- [WHAT YOU HAVE TO DO]:
Exact copies of all the lines below are needed, without the pictures.

- [THE DATA]:
_ _ _ _ _

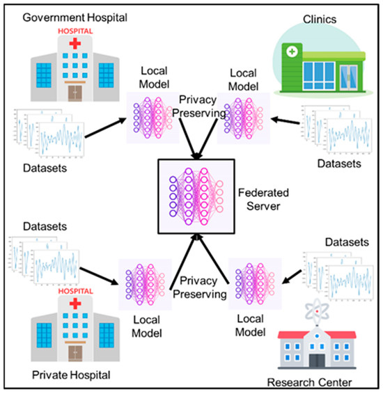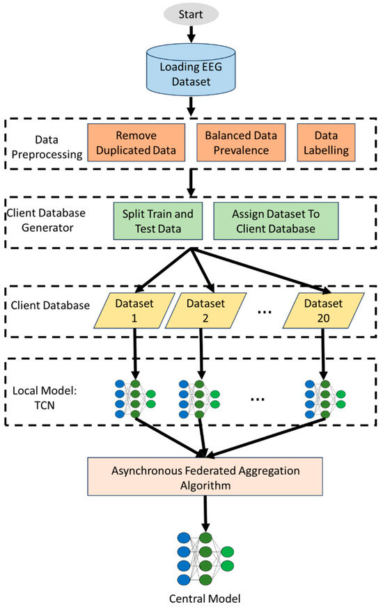 The hand-crafted features (e.g., spectral power, entropy) and shallow classifiers (e.g., Random Forest, Extreme Gradient Boost (XGBoost) [10], Support Vector Machine (SVM), Gaussian Naive Bayes [11]) were used in the traditional machine learning technique of seizure classification. Pankaj et al. conclude that Random Forest can achieve classification performance with remarkable results, including an F1 score of 0.943 and an accuracy of 0.977 [10]. Ranjani et al. consider different machine learning algorithms (SVM, Random Forest, Gaussian Naive Bayes, and K-Nearest Neighbors) to classify seizures using EEG signals from the University of California Irvine (UCI) dataset, achieving accuracy rates of 0.98, 0.96, and 0.93, respectively [11]. However, these techniques could be interpreted; they found it difficult to apply them effectively to different patient populations. Deep learning has caused a revolution, where Convolutional Neural Networks (CNNs) [12] and Long Short-Term Memory networks (LSTMs) [13] are able to correctly predict spatiotemporal EEG patterns with 98.40% and 98% accuracy, respectively. Capturing long-range dependencies via dilated convolutions, Temporal Convolutional Networks (TCNs) were subsequently proposed as a promising alternative, allowing for parallel processing and capturing long-range dependencies [8]. These architectures, however, typically require centralized data collection of EEG data, which raises a privacy concern due to medical data regulations [14].
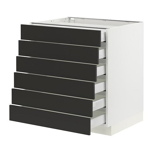 SEKTION / MAXIMERA base cabinet 6 fronts / 6 low drawers, white / Nickebo matte anthracite
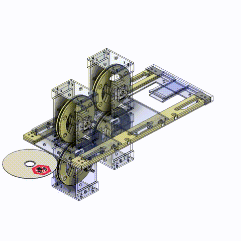 The materials used on the front and backside of a DVD are different. Slipping occurred between the DVD and rollers as the roller rotational speed increased, making the DVD unable to fly far or a consistent distance. The paper transport mechanism of multifunction printers was incorporated; the DVD was pinched between upper and lower rollers, and pressure was applied to the upper rollers using springs.
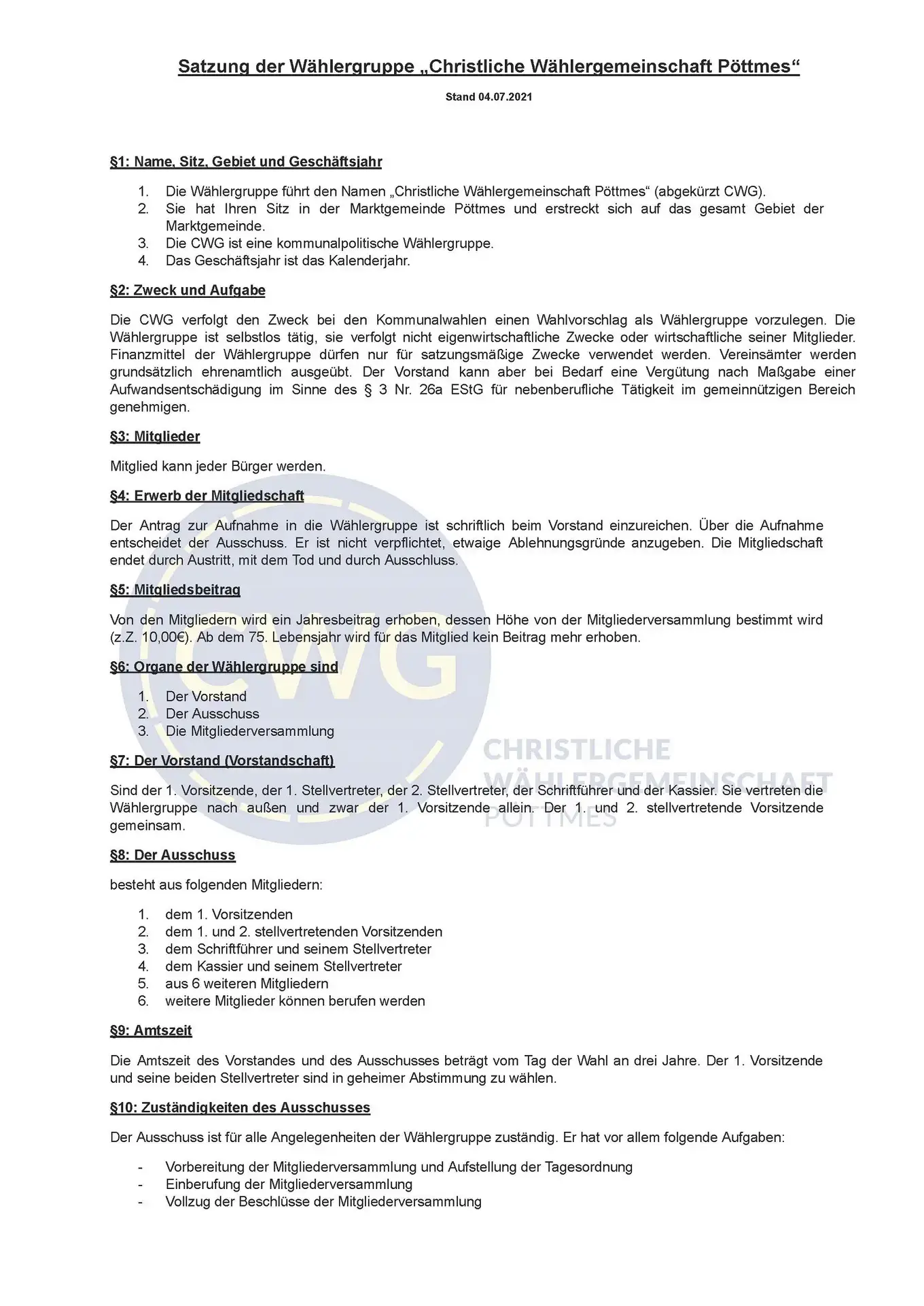 Mirko Ketz wurde mit 62 Stimmen Vorsprung vor Manfred Graser zum 1. Bürgermeister gewählt. Die CWG stellt 4 MGR und 2 Ortssprecher.

_ _ _ _ _

- [RESULT OF THE EXERCISE]:
 The hand-crafted features (e.g., spectral power, entropy) and shallow classifiers (e.g., Random Forest, Extreme Gradient Boost (XGBoost) [10], Support Vector Machine (SVM), Gaussian Naive Bayes [11]) were used in the traditional machine learning technique of seizure classification. Pankaj et al. conclude that Random Forest can achieve classification performance with remarkable results, including an F1 score of 0.943 and an accuracy of 0.977 [10]. Ranjani et al. consider different machine learning algorithms (SVM, Random Forest, Gaussian Naive Bayes, and K-Nearest Neighbors) to classify seizures using EEG signals from the University of California Irvine (UCI) dataset, achieving accuracy rates of 0.98, 0.96, and 0.93, respectively [11]. However, these techniques could be interpreted; they found it difficult to apply them effectively to different patient populations. Deep learning has caused a revolution, where Convolutional Neural Networks (CNNs) [12] and Long Short-Term Memory networks (LSTMs) [13] are able to correctly predict spatiotemporal EEG patterns with 98.40% and 98% accuracy, respectively. Capturing long-range dependencies via dilated convolutions, Temporal Convolutional Networks (TCNs) were subsequently proposed as a promising alternative, allowing for parallel processing and capturing long-range dependencies [8]. These architectures, however, typically require centralized data collection of EEG data, which raises a privacy concern due to medical data regulations [14].
 SEKTION / MAXIMERA base cabinet 6 fronts / 6 low drawers, white / Nickebo matte anthracite
 The materials used on the front and backside of a DVD are different. Slipping occurred between the DVD and rollers as the roller rotational speed increased, making the DVD unable to fly far or a consistent distance. The paper transport mechanism of multifunction printers was incorporated; the DVD was pinched between upper and lower rollers, and pressure was applied to the upper rollers using springs.
 Mirko Ketz wurde mit 62 Stimmen Vorsprung vor Manfred Graser zum 1. Bürgermeister gewählt. Die CWG stellt 4 MGR und 2 Ortssprecher.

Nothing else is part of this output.